Dr Bruce Scott, PhD
Psychoanalyst
Edinburgh and Scottish Borders

Apologia. Apologia

Apologia

From: The Tyranny of "Mental Health" published on SPIKED online 13th July 2017
www.spiked-online.comCLICK HERE

The happiness demanded by the so-called radicals of mental-health campaigns buys into the capitalist and neoliberal imperative of the well-adjusted, adapted individual, alienated by the modern metaphysics of the self. Our modern state of being, of becoming increasingly unhappy and distressed (not mentally ill), is no doubt created by economic conditions. But it is also a result of the pathological inability to enjoy the myriad satisfactions offered to purchase, or life statuses we are encouraged and tempted to acquire in contemporary society. The psychoanalyst Jacques Lacan was very cognisant of the fact that the modern demand for happiness, and the existence of the happiness/mental-health industry, implies the ultimately unsatisfying nature of customer satisfaction. And he was also aware of the symbolic underpinnings of demand itself, which implies a surplus of excess. That is, happiness is created and articulated through language. As such, it is promised everywhere, but the demand for it overshoots itself, precisely because it is not something that can be obtained under the terms of neoliberal capitalism. But the many marketing and ideological ploys of capitalism would have you think otherwise.

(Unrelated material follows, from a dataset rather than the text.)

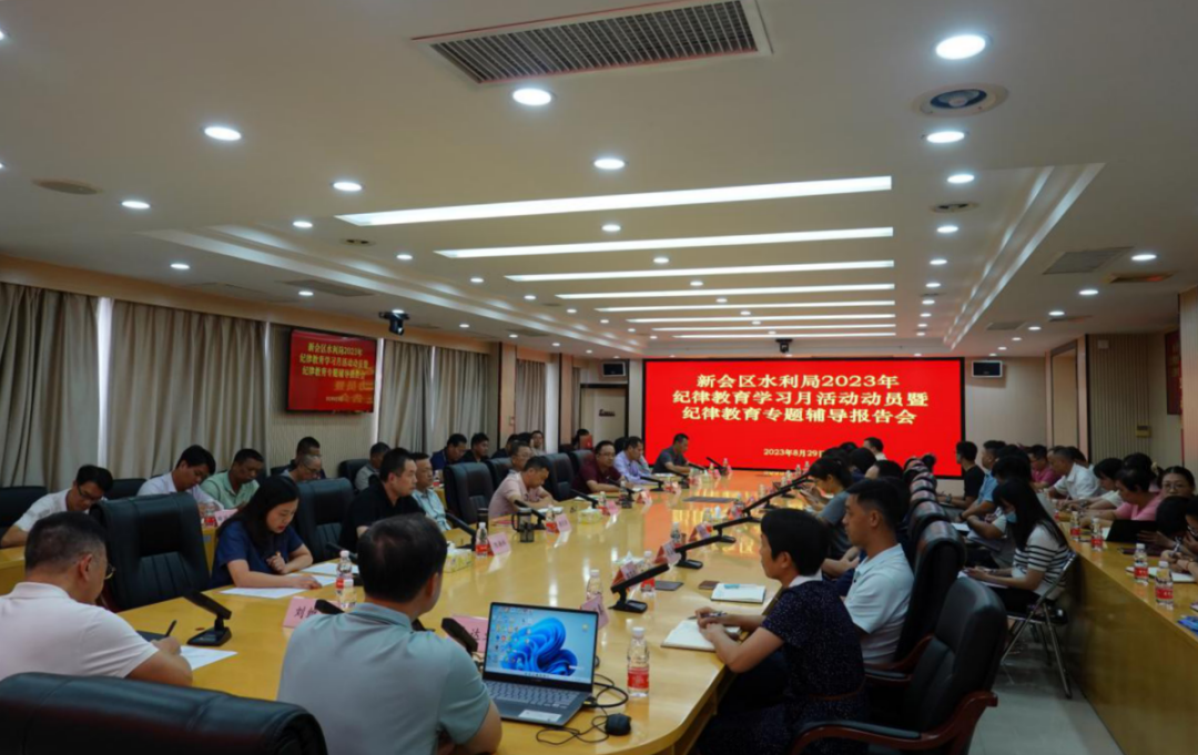 为深入推进全面从严治党,部署推进今年纪律教育学习月各项活动,全力锻造忠诚干净担当、科学求实创新的水利铁军,8月29日下午,区水利局组织召开2023年纪律教育学习月活动动员暨纪律教育专题辅导报告会。局中层副股以上干部、机关全体在职党员,以及直属事业单位负责人参加了会议。局党组成员、副局长黄碧晶主持会议。

So the next time there is a mental-health campaign we would be prudent to recall and heed these sensible words of Lacan:

‘The aspiration of happiness will always imply a place where miracles happen, a promise, a mirage of original genius or an opening up of freedom, or if we caricature it, the possession of all women for a man, and of an ideal man for a woman. To make oneself the guarantor of the possibility that a subject will in some way be able to find happiness, even in psychoanalysis is a form of fraud.’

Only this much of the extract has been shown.